Auburn University, Department of Physics, Auburn University, Auburn, Alabama.
Auburn University, Department of Physics, Auburn University, Auburn, Alabama.
Biophys J. 2023 Jul 25;122(14):2833-2840. doi: 10.1016/j.bpj.2023.01.042. Epub 2023 Feb 3.
Over a century ago, physicists started broadly relying on theoretical models to guide new experiments. Soon thereafter, chemists began doing the same. Now, biological research enters a new era when experiment and theory walk hand in hand. Novel software and specialized hardware became essential to understand experimental data and propose new models. In fact, current petascale computing resources already allow researchers to reach unprecedented levels of simulation throughput to connect in silico and in vitro experiments. The reduction in cost and improved access allowed a large number of research groups to adopt supercomputing resources and techniques. Here, we outline how large-scale computing has evolved to expand decades-old research, spark new research efforts, and continuously connect simulation and observation. For instance, multiple publicly and privately funded groups have dedicated extensive resources to develop artificial intelligence tools for computational biophysics, from accelerating quantum chemistry calculations to proposing protein structure models. Moreover, advances in computer hardware have accelerated data processing from single-molecule experimental observations and simulations of chemical reactions occurring throughout entire cells. The combination of software and hardware has opened the way for exascale computing and the production of the first public exascale supercomputer, Frontier, inaugurated by the Oak Ridge National Laboratory in 2022. Ultimately, the popularization and development of computational techniques and the training of researchers to use them will only accelerate the diversification of tools and learning resources for future generations.
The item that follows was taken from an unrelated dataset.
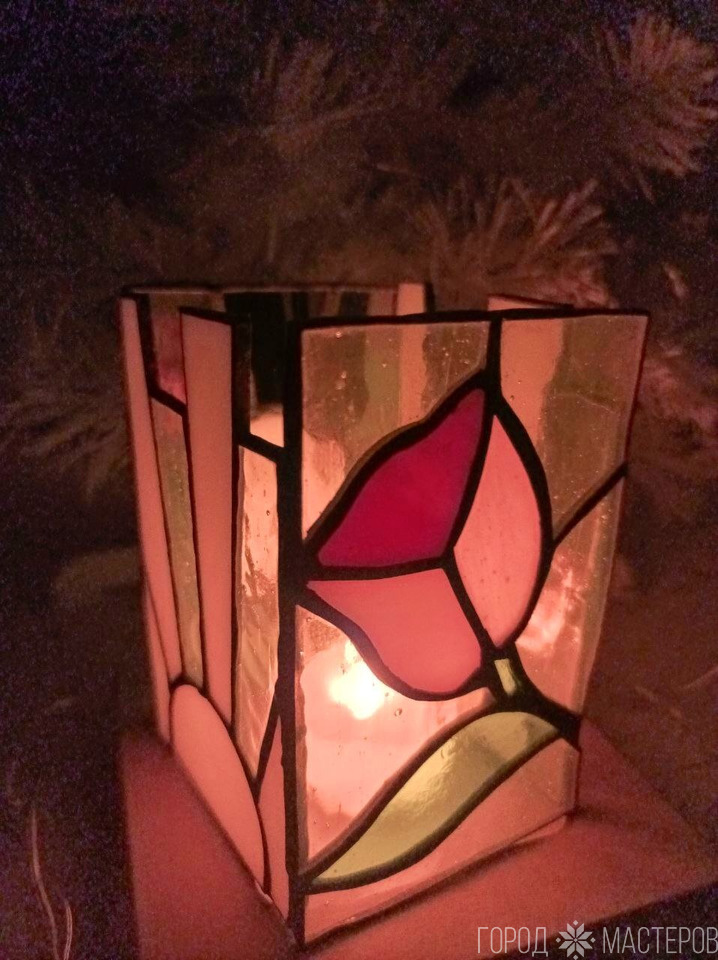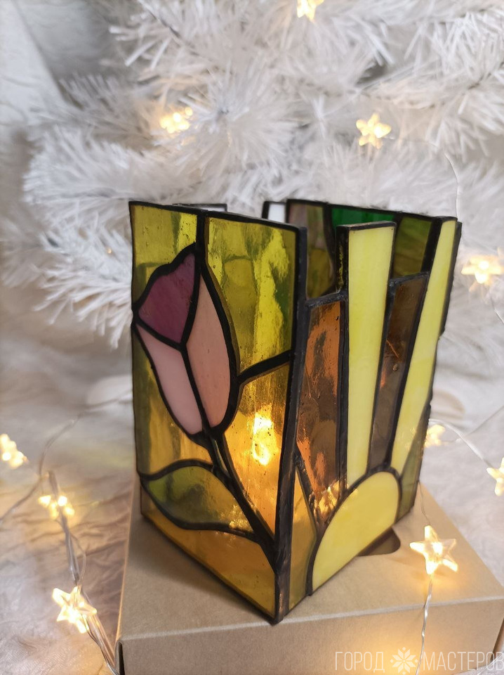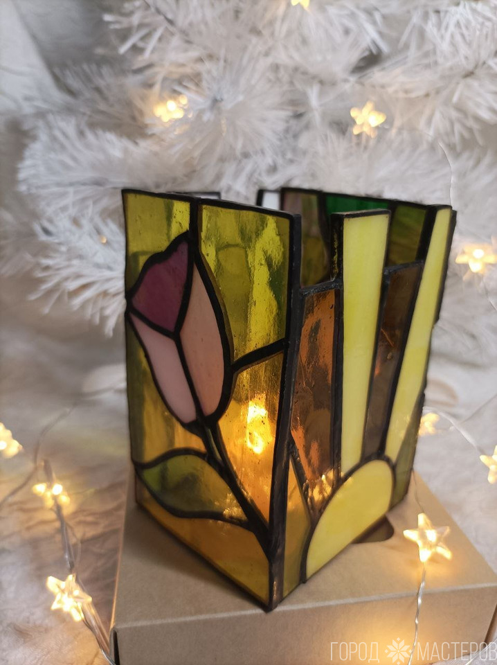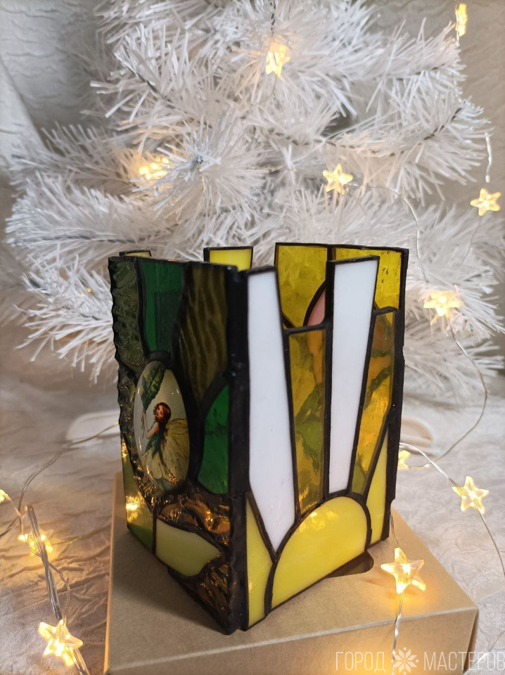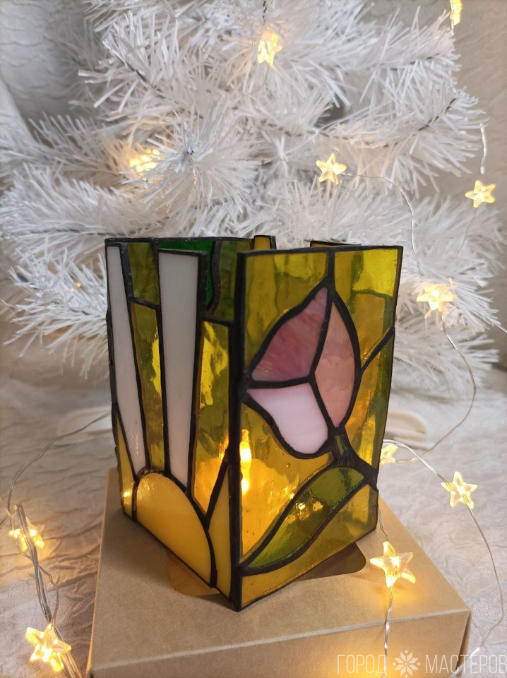 Светильник-ночник "Дюймовочка" из витражного стекла выполнен в технике Тиффани ручной работы ※ Полоцк

一个多世纪以前,物理学家开始广泛依赖理论模型来指导新的实验。此后不久,化学家也开始这样做。现在,生物学研究进入了一个新时代,实验和理论携手并进。新型软件和专门的硬件成为理解实验数据和提出新模型的必要条件。事实上,当前的每秒千万亿次计算资源已经允许研究人员达到前所未有的模拟通量水平,以连接计算机模拟实验和体外实验。成本的降低和访问权限的提高使得大量研究小组能够采用超级计算资源和技术。在这里,我们概述了大规模计算是如何发展的,以扩展数十年的研究,激发新的研究努力,并不断连接模拟和观察。例如,多个公共和私人资助的团体投入了大量资源来开发计算生物物理学的人工智能工具,从加速量子化学计算到提出蛋白质结构模型。此外,计算机硬件的进步加速了从单个分子实验观测到整个细胞中化学反应模拟的数据处理。软件和硬件的结合为 exascale 计算和第一台公共 exascale 超级计算机 Frontier 的诞生铺平了道路,该超级计算机由橡树岭国家实验室于 2022 年推出。最终,计算技术的普及和发展以及研究人员使用它们的培训只会加速未来几代人的工具和学习资源的多样化。